Technology

When It Comes To Sensible Drone Policy Africa Leads The Way

It has taken an event of almost biblical proportions to demonstrate just how much we truly rely on the care and services medical practitioners give us. But the pandemic has also shown us how these services worldwide need to adapt to better face another such challenge should, or when, it next arises.

A 2018 UK Royal College of Physicians report concluded on any day, five per cent of the UK’s road traffic was related to the NHS. As many millions of workers sit at home at kitchen tables or in makeshift ‘bedroom offices’, nearly all will have embraced web conferencing technology such as Skype, Zoom and Jabber. This moment in time has allowed us to road test technological innovation at a scale we could have never achieved previously, without needing to use the road.

Droneport in Rwanda — Norman Foster Foundation

As I sit here and write this a quarter of the world is in lockdown. What COVID-19 has shown us all is our dependence on ‘man-in-a-van’ to transport and dispense blood and tissue samples, human transplant organs and potentially life-saving medicines, where quite often speed of delivery is a critical factor, which when we are being asked to remain in isolation can prove to be quite a challenge.
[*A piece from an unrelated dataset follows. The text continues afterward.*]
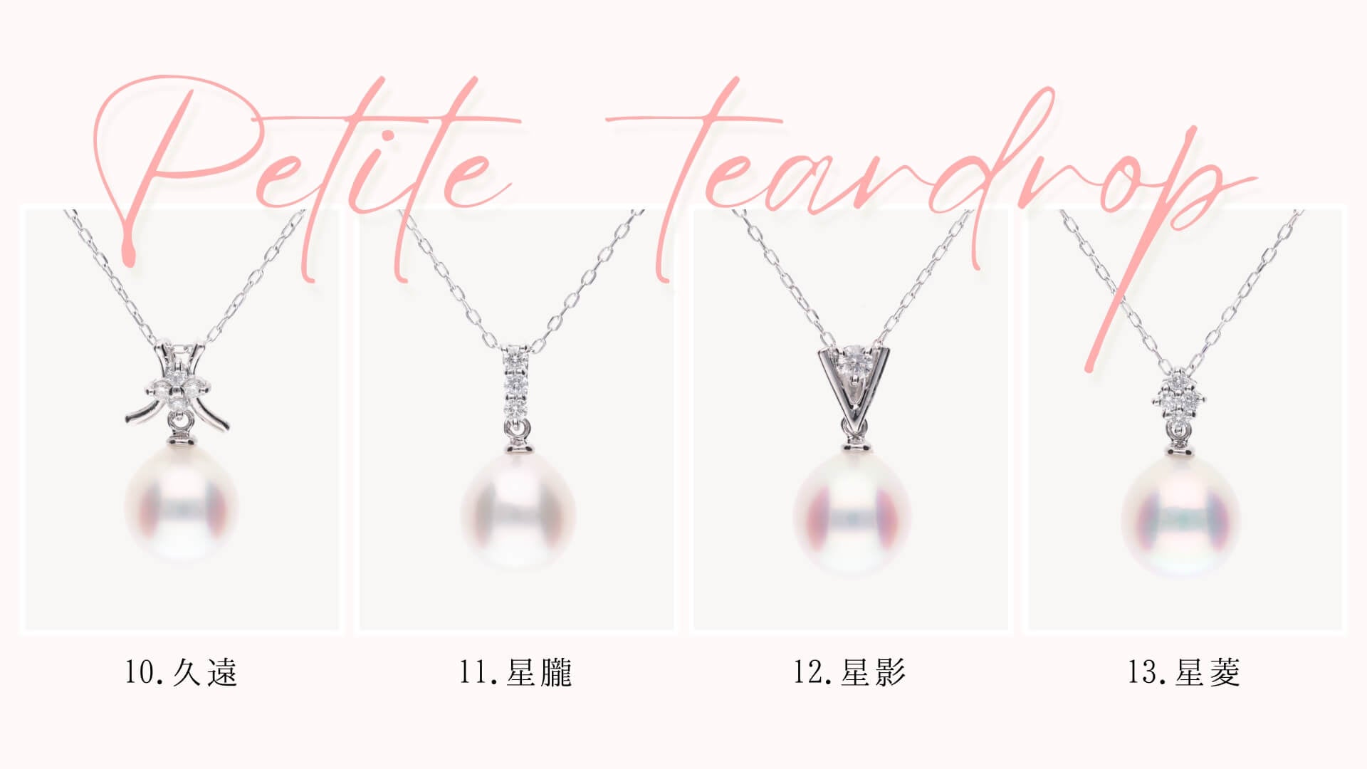 ティアドロップの形、光沢の美しさ、リーズナブルな価格の三拍子が揃った、最もバランスの良いシリーズです。優雅で洗練された涙のフォルムが特徴です。

Read also: Rwanda to get world’s first DronePort from Foster + Partners

Which is where the use of drones can come in and is an area of technology medical blue light services should not only grasp, but champion the use of. Using drones will be quicker, safer and use energy from renewable sources. As anyone who has lived in any large city will testify, it can be quicker to walk than drive. But using a drone would be quicker still.

This may sound futuristic, but ironically, it is happening now. In Africa. US start-up Zipline has been delivering medication and blood supplies to remote villages in Rwanda since 2016 and they have just started operations in Ghana. These operations take drones beyond the line of sight. That is an important point to appreciate. 
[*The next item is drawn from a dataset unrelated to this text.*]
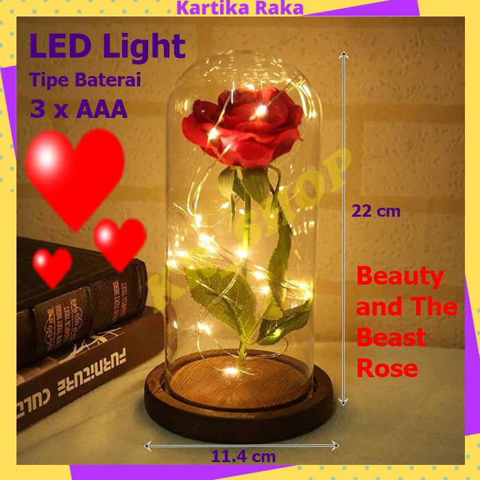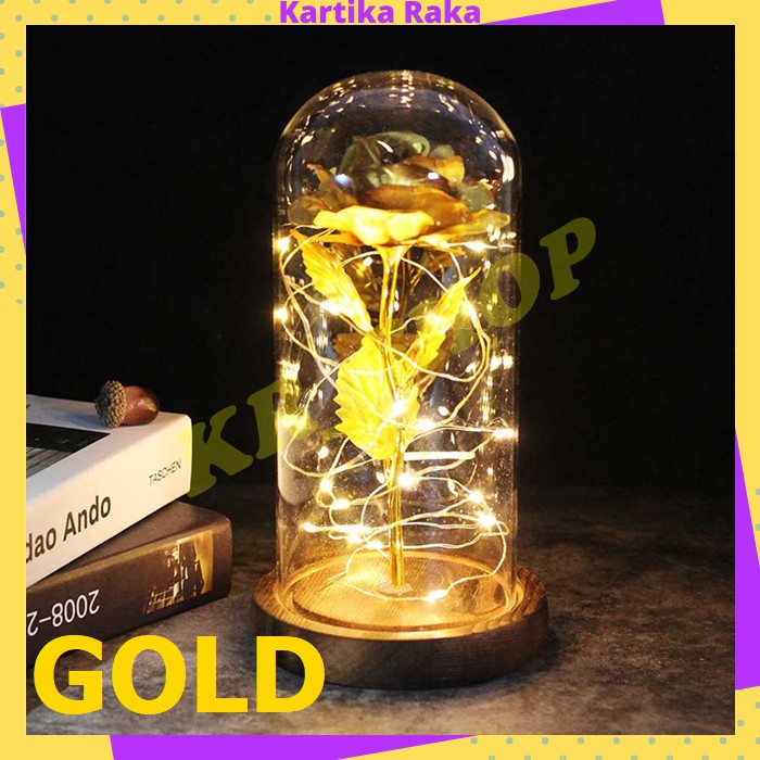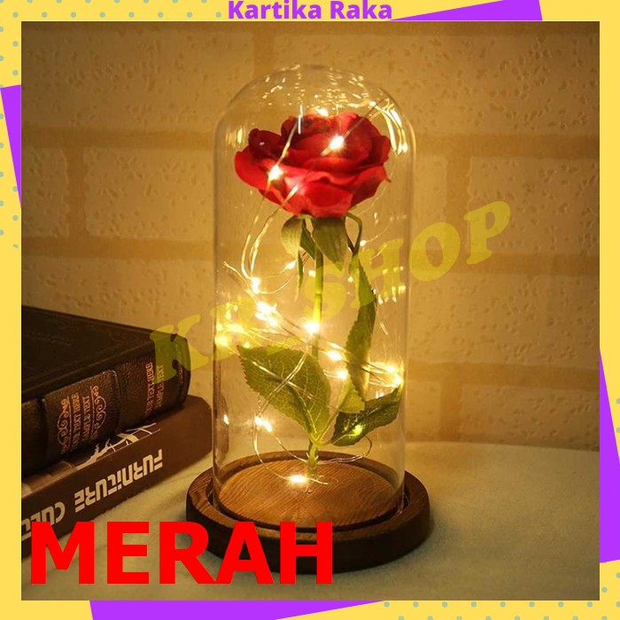 [COD]Lampu Tumblr tidur hias kamar Dekorasi Bunga Mawar dengan LED + Alas Kayu + Dome Transparan

Europe and the US restrict drone services to line of sight operations. Just as was the case with mobile telephone technology, mobile banking and other things, Africa has leap-frogged over the old technology and is going straight to a new paradigm. We should watch and learn.

While we continue to either insist on line of sight operations, or otherwise clear the airspace of all other flying objects before letting drones fly; in Africa, in mixed airspace, well away from the operators’ line of sight, the sky is being opened up for drone deliveries and other things.
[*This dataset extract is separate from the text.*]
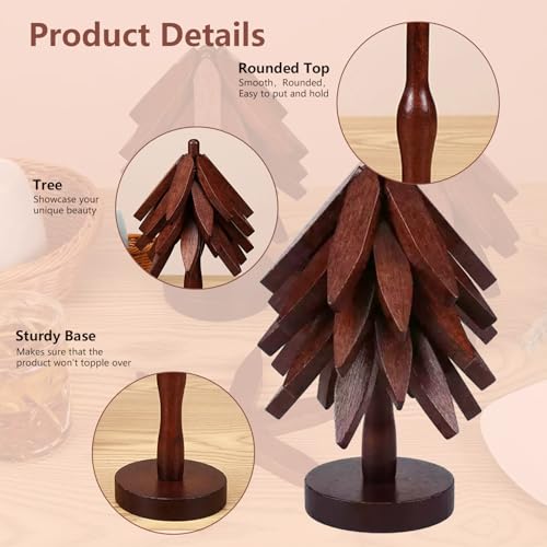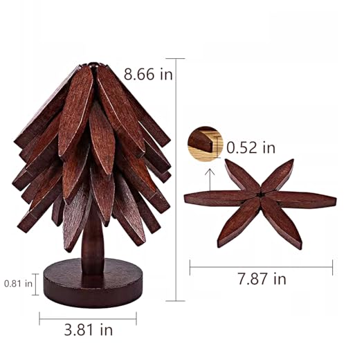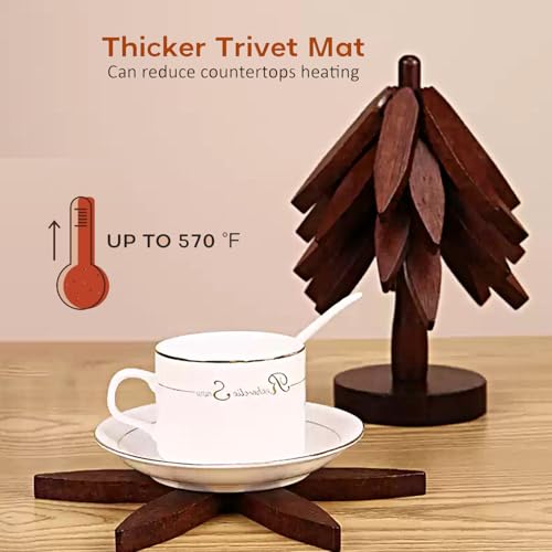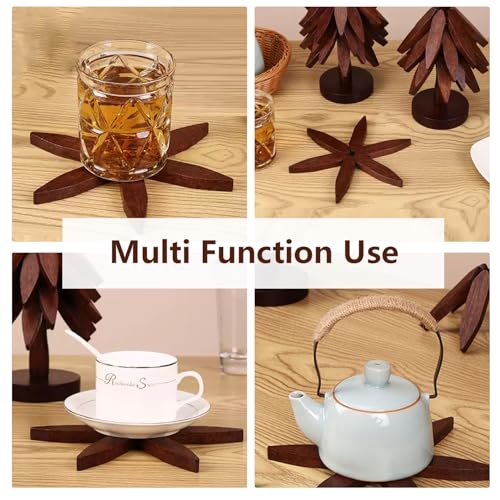 xpqkdc - حوامل للاطباق الساخنة، 5 حوامل خشبية + 1 حامل، حامل خشبي على شكل شجرة عيد الميلاد - حوامل مطبخ طبيعية قابلة للطي للاطباق الساخنة، الاصيص، البول، ابارق الشاي، الاواني الساخنة، المقالي

Read also: The rise of Artificial Intelligence in Africa

Recently, in Rwanda, the African Drone Forum organized the Lake Kivu Challenge, which showed drones and manned aircraft can share the sky safely and securely if all the actors and agencies involved agree on the rules of the game.  All around the world, we need to follow this example, get the rules in place and have unmanned vehicles in complex controlled airspace. This is known as unmanned air traffic management (UTM).

It is all about managing the airspace for manned and unmanned vehicles alike and as far as possible automating the processes. That is a regulatory task. There are no technology impediments. It is possible to do it today. Altitude Angel, a UK start-up, provided the UTM services for the Lake Kivu Challenge. [Full disclosure, Altitude Angel is a client of my firm.]

The iron is hot, so regulators must get their acts together and learn from Africa and make the changes that will allow drones to operate safely to add value and to save lives. Because, hopefully, opportunities like this won’t come around that often…

Our thoughts are with those who are suffering with the effects of coronavirus and the amazing men and women of who are doing all which is humanly possible to treat them. Aviation regulators can do their bit to help too. we mustn’t lose the chance to do something positive from this troubling time.